Notre identité régionale

Dynamisme, audace et innovation

L’histoire de Vaudreuil-Soulanges a certes été influencée par le caractère stratégique de sa position géographique. Mais l’emplacement ne détermine pas tout. La région a également profité de l’esprit d’aventure, de la créativité et de l’ambition d’hommes et de femmes qui ont souhaité s’y épanouir et s’y enraciner. La région que l’on connaît aujourd’hui est imprégnée de la vision de ceux et celles qui ont façonné son histoire. Portrait d’une région en ébullition.

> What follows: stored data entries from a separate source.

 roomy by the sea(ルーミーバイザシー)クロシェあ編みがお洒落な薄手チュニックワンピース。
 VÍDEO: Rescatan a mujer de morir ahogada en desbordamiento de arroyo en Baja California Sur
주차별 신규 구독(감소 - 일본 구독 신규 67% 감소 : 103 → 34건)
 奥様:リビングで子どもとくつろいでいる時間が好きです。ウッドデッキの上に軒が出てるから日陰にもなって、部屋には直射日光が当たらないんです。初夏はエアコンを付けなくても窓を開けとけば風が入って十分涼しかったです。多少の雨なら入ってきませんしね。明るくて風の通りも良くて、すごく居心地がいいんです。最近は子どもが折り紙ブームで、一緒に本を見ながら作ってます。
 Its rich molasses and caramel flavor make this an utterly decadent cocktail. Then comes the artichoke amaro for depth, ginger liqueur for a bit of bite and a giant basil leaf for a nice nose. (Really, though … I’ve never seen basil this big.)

La région de Vaudreuil-Soulanges est aujourd’hui à une étape charnière de son histoire. Dans les dernières années, des infrastructures majeures ont été mises en place, comme l’autoroute 30, pour propulser la région et intensifier son déve­lop­pement. Rapidement, Vaudreuil-Soulanges s’impose comme chef de file en matière de transport.

Fiers de leur milieu de vie et forts d’un vif sentiment d’appartenance, les citoyens de la région se mobi­lisent et adoptent une attitude proactive pour doter la région d’institutions déterminantes pour son développement, et pour son avenir.

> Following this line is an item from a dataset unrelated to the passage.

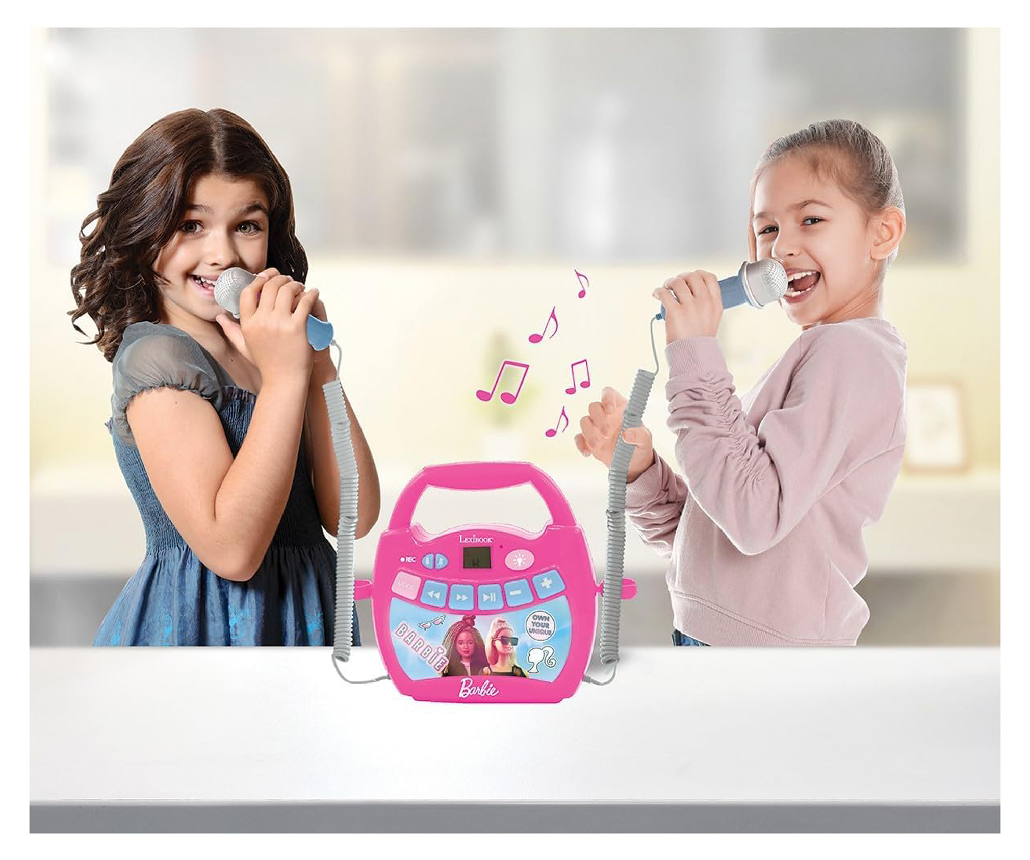 Svítící digitální karaoke přehrávač se 2 mikrofony - Barbie

Tout au long de son histoire, les hommes et les femmes qui ont habité Vaudreuil-Soulanges ont su reconnaître son potentiel et miser sur ses forces. À chaque époque, ces personnes ont façonné la région pour en faire un carrefour d’échanges, à l’image­ des valeurs de ses résidents.

Le fort potentiel de la région avait déjà été observé par les populations autochtones et les premiers colons, qui l’ont, eux aussi, considérée comme un carrefour d’échanges et un point d’ancrage pour l’économie provinciale.

Les assises d’une région en développement

L’histoire de Vaudreuil-Soulanges a été marquée, dès ses balbutiements, par l’importance de sa situa­tion géographique. Située au confluent de la route des fourrures de la rivière des Outaouais et du fleuve Saint-Laurent, et considérée comme l’un des moteurs économiques de la Nouvelle-France, elle sera le sujet de luttes acerbes dès le xviie siècle.

En octobre 1702, après s’être illustré dans la sphère militaire en Nouvelle-France, Philippe de Rigaud de Vaudreuil se voit octroyer une seigneurie à l’ouest de l’île de Montréal, qui prendra son nom. « L’obtention de ces terres si convoitées à l’ouest de Montréal a dû réjouir Vaudreuil pour plus d’une raison; leur position stratégique sur la route de la fourrure va lui apporter la fortune, à lui, militaire parti pour la gloire sans le sou, depuis une petite seigneurie du Midi de la France. »

gare

La gare de Dorion a joué le rôle de moteur de développement dès la décennie 1850. Hebdos du Suroît

L’immense potentiel du territoire n’allait pas tarder à se dévoiler. En quelques décennies, poussés par l’esprit d’aventure et l’ambition, des hommes comme Michel Chartier de Lotbinière et Jean-Joseph Trestler développent l’économie de la région­. Des activités de meunerie et de fabrication de chaux et de potasse, entre autres, prennent leur essor. Le dynamisme de l’activité économique atti­re­ra d’autres colons en quête d’occasions. Graduellement­, la seigneurie de Philippe de Rigaud de Vaudreuil prospère.

Au tournant de la décennie 1850, le recensement dénombre 50 demeures dans la région de Vaudreuil. Puisque la population croît, les membres de la communauté locale s’organisent pour une première fois en conseil de village. Pour favoriser la poursuite du développement de leur région, ces premiers administrateurs s’empresseront de voter la construction d’un quai pour relier Vaudreuil au marché de Montréal. Les retombées économiques de cette construction sont nombreuses, car elle faci­lite entre autres les activités de villégiature et de commerce.

« La construction du quai de Vaudreuil, en 1850, répond à une nouvelle réalité. Le transport maritime est maintenant le nouveau lien entre les différentes communautés villageoises qui vont pouvoir acheminer par bateau leurs productions agricoles sur le grand marché montréalais. »

La décennie 1850 marque également la réalisation d’un vaste projet mobilisateur : la construction d’une ligne de chemin de fer entre Montréal et Toronto, qui sillonnera la région de Vaudreuil et de Soulanges. Dès 1854, des tronçons sont en acti­vi­té.

Le parachèvement de ce grand projet influencera de manière directe l’avenir de Vaudreuil et des envi­rons. En effet, l’arrivée du chemin de fer permet l’implantation de diverses structures complémentaires, comme les gares et les entrepôts, mais également les hôtels, les commerces de proximité et les résidences pour les employés des compa­gnies ferroviaires.

Avec de telles initiatives, ces visionnaires amorcent le développement du potentiel d’intermodalité qui allait déterminer l’avenir de la région.